AIDA--the very end...KILLED me
Les Miserables--Enjolras dead on the barricade. every time. (when I did the production, the final night it was all i could do to not cry the entire time I was onstage)
JACQUES BREL IS ALIVE AND WELL AND LIVING IN PARIS...every single time...I'm a mess once Fanette starts and then i calm down...but the second act 2 breaks into Old Folks, I'm a wreck again and I stay that way for the rest of the act.
As I knew it was the last time I was probably ever going to see it, the last time I saw Lennon I was a mess. I held it together through most of the show, but Chuck started his police officer dialogue at the end and I was gone. I bawled through 'Imagine.' The cast kept sending me supportive glances, though.
Also, the first time I saw Wicked (my first show), closing night of Brooklyn (So much energy). Awake and Sing! shook me up pretty good too.

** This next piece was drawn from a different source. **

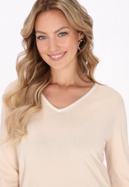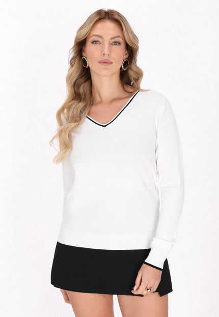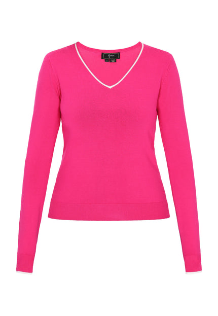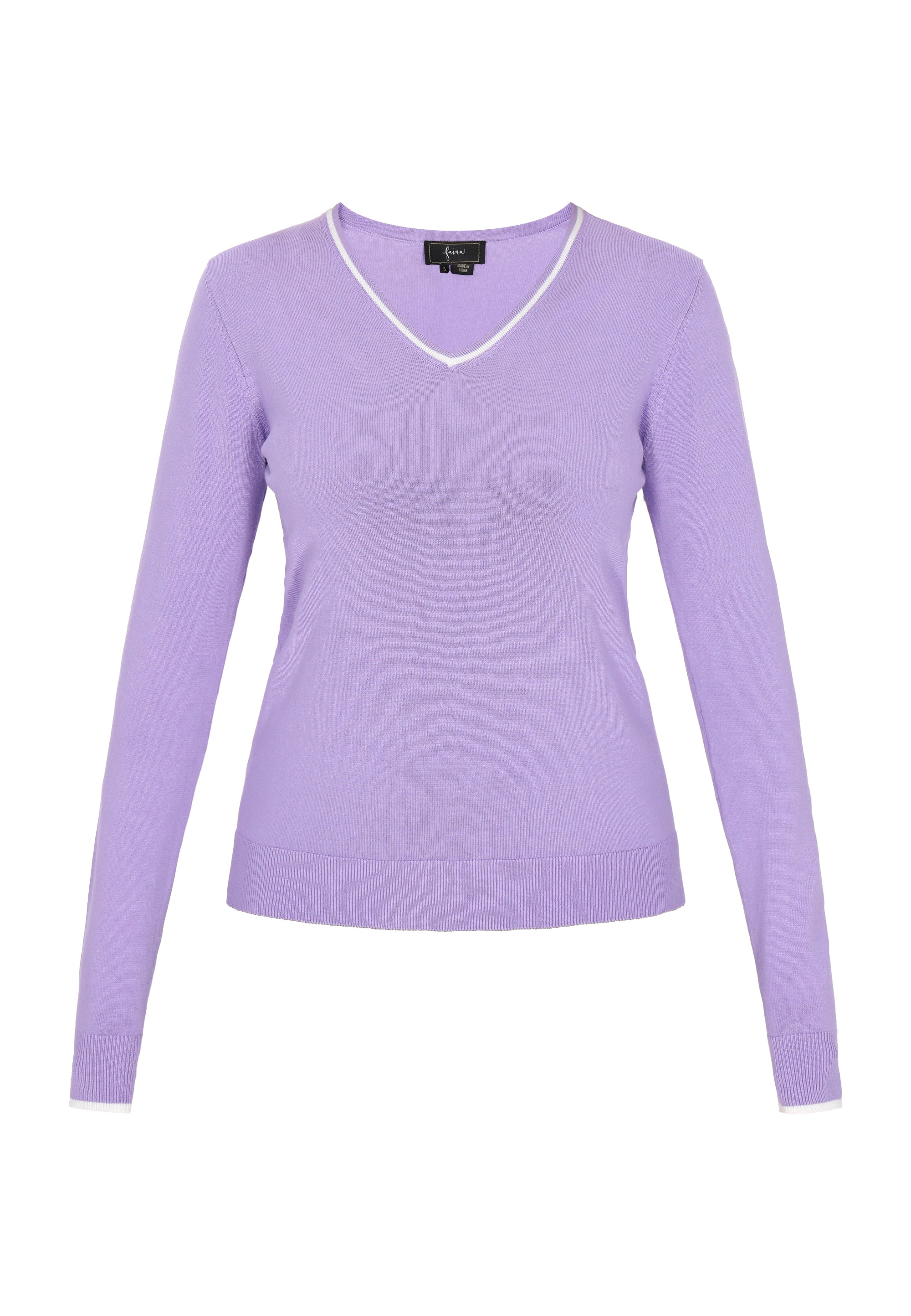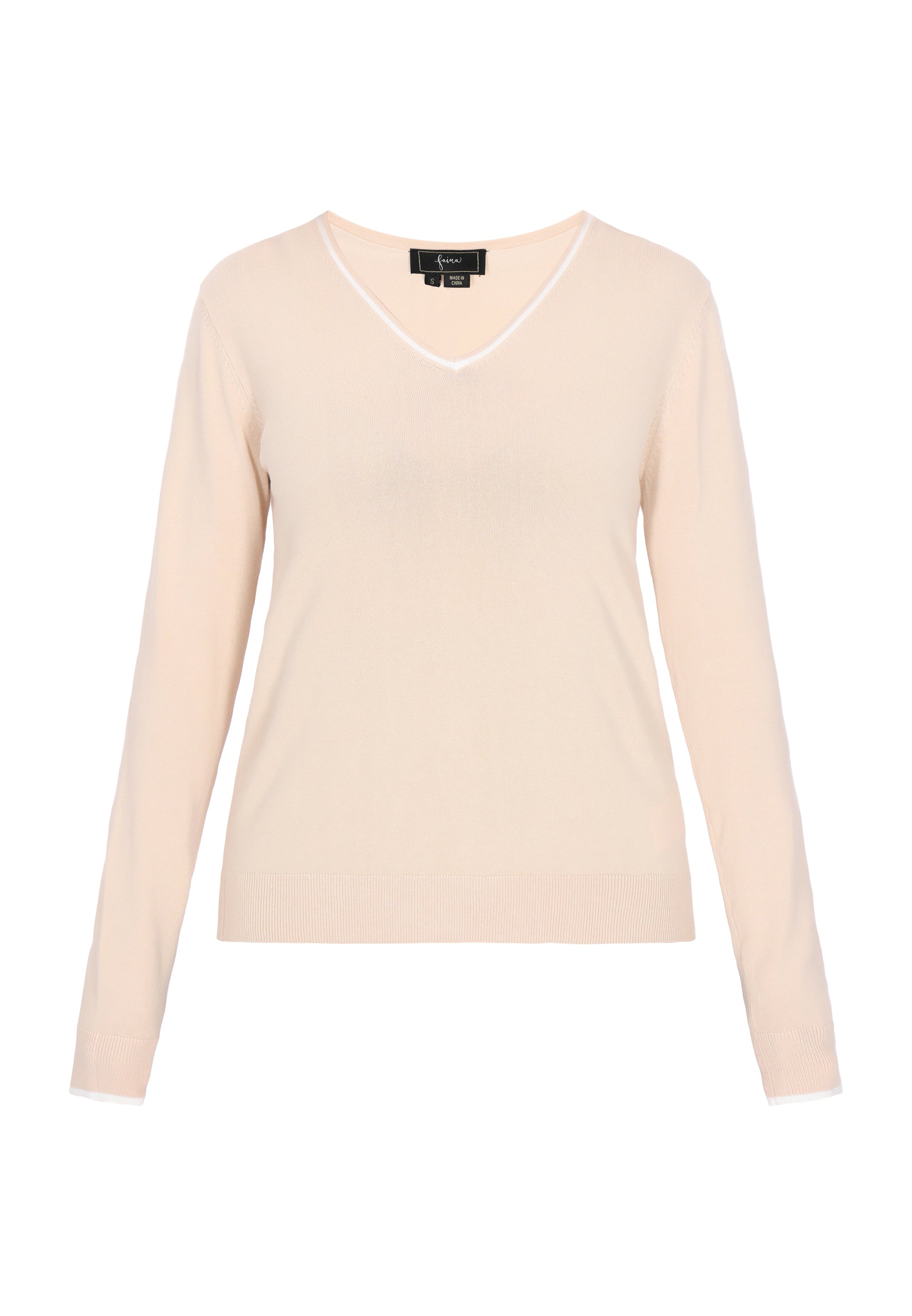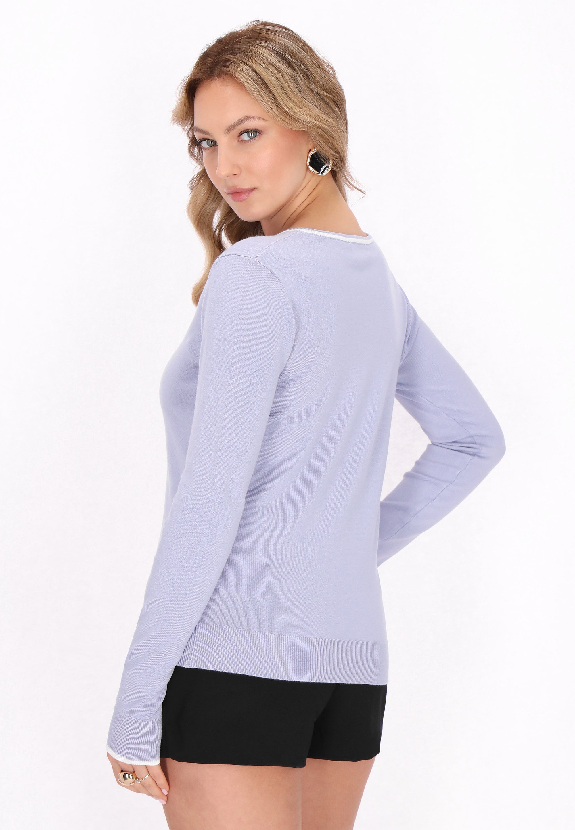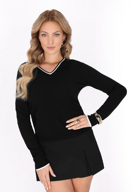 Enhance your closet with this stylish regular fit sweater with a pointed neckline, long sleeves and elegant contrast trim. Crafted from a soft knit fabric, it provides comfort perfect for everyday wear. The fitted silhouette enhances the look, while the ribbed hem adds a casual touch. It is part of the Fashion Look Collection.

Rabbit Hole.
Yes, i also cried a lot closing night of Lennon--it was the only time i saw it...but will chase made me an emotional mess...and then when Julie started...god they all just killed me.
Fiddler - When Tevye dosen't talk to his daughter and says he has no daughter. And the Leave taking.
The Producers, DRS, Avenue Q, Spelling Bee and many other comedies in laughter!!!!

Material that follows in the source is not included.